_BRIEF_
Quote word for word the lines starting at the line with "Tucked just off" and ending at the final line of the entries. Leave out any pictures.

== DATA SHOWN

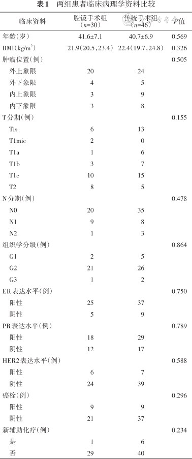 | 临床资料 | 腔镜手术组(n=30) | 传统手术组(n=46) | P值 |
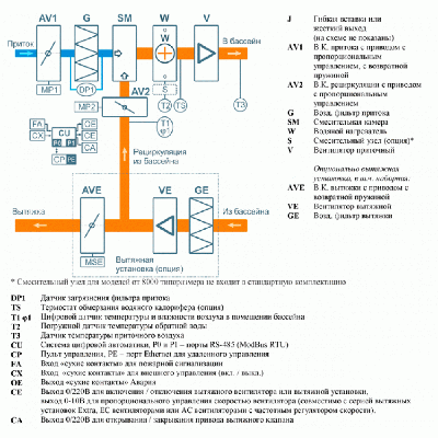 Приточно-вытяжная установка Aqua Pool Mix комплектуется вентиляторами EBMPapst серии EC, системой автоматики JetLogic с цветным сенсорным пультом управления и всеми необходимыми датчиками, а также камерой смешения, позволяющей снижать влажность в помещении бассейна дозированной подачей сухого наружного воздуха. Эта серия отличается низкой стоимостью и рекомендуется для регионов с умеренным климатом.
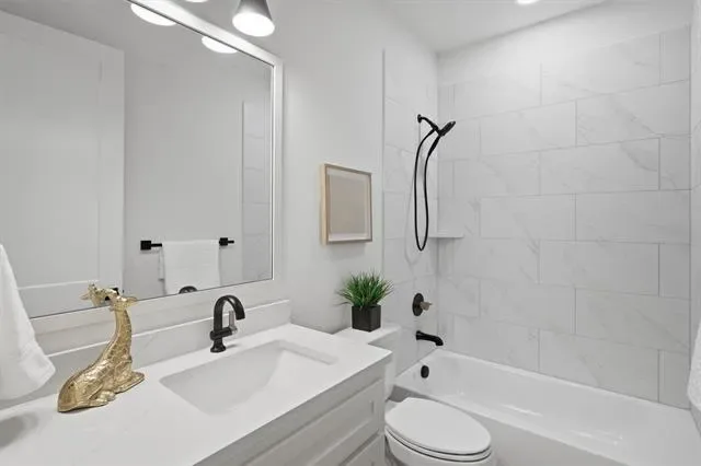 Tucked just off the main living area, a dedicated pocket office provides a functional workspace without taking away from the bedroom count. The primary suite is privately situated and offers a relaxing retreat with a spacious bedroom, dual vanities, and a walk in shower. One additional bedroom is located nearby, while the third bedroom is positioned separately, creating a well designed and versatile layout.
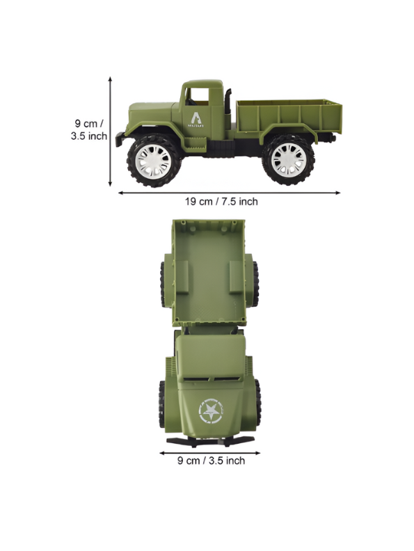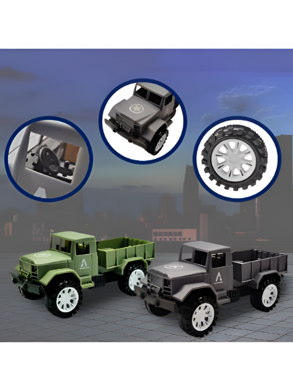 • Pack of 2 military toy trucks designed with realistic army-style details
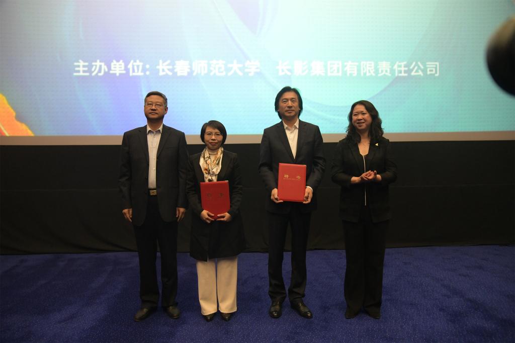 长影集团监事会主席王亮,吉林省教育厅副厅长单联成为上海大学上海电影学院院长、中国高等院校影视学会影视产业与管理专业委员会副主任、《电影理论研究》执行主编何小青,吉林大学新闻与传播学院副院长、教育部高校戏剧与影视学专业教学指导委员会委员、中国高等教育学会影视传媒专业委员会秘书长孔朝蓬颁发学术委员聘书。
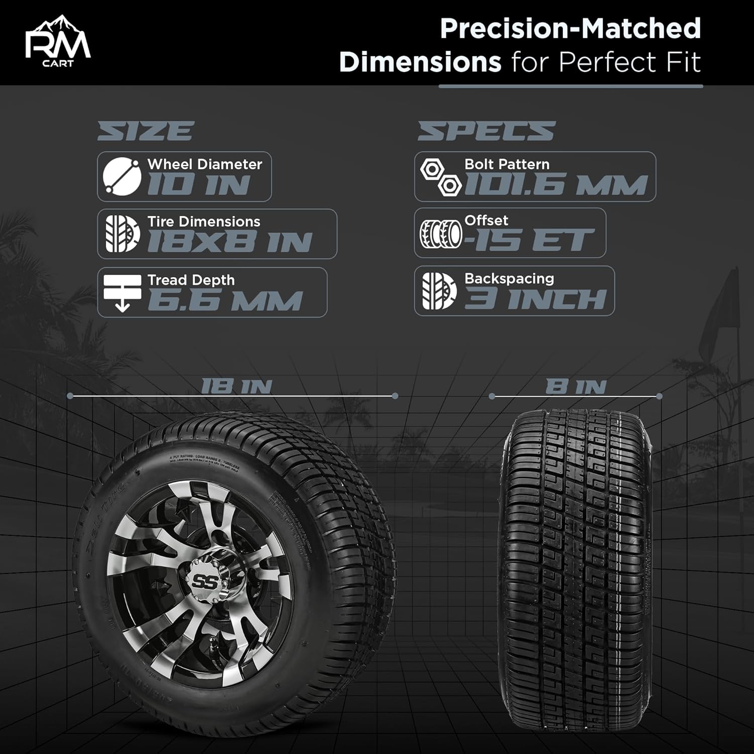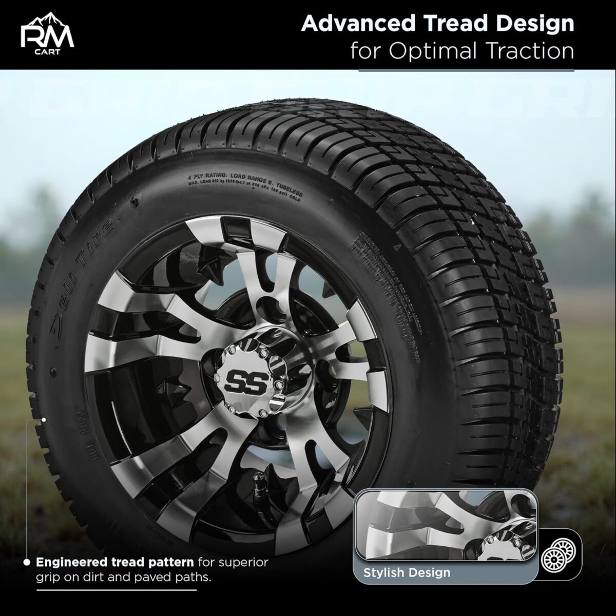 - Our golf cart tires and wheels combo are crafted with precision and engineered with high-quality materials for durability—resisting punctures, wear, and tear. The tires feature advanced tread patterns designed to grip the ground like never before for unparalleled traction.

====

_ANSWER TO THIS TASK_
 Tucked just off the main living area, a dedicated pocket office provides a functional workspace without taking away from the bedroom count. The primary suite is privately situated and offers a relaxing retreat with a spacious bedroom, dual vanities, and a walk in shower. One additional bedroom is located nearby, while the third bedroom is positioned separately, creating a well designed and versatile layout.
 • Pack of 2 military toy trucks designed with realistic army-style details
 长影集团监事会主席王亮,吉林省教育厅副厅长单联成为上海大学上海电影学院院长、中国高等院校影视学会影视产业与管理专业委员会副主任、《电影理论研究》执行主编何小青,吉林大学新闻与传播学院副院长、教育部高校戏剧与影视学专业教学指导委员会委员、中国高等教育学会影视传媒专业委员会秘书长孔朝蓬颁发学术委员聘书。
 - Our golf cart tires and wheels combo are crafted with precision and engineered with high-quality materials for durability—resisting punctures, wear, and tear. The tires feature advanced tread patterns designed to grip the ground like never before for unparalleled traction.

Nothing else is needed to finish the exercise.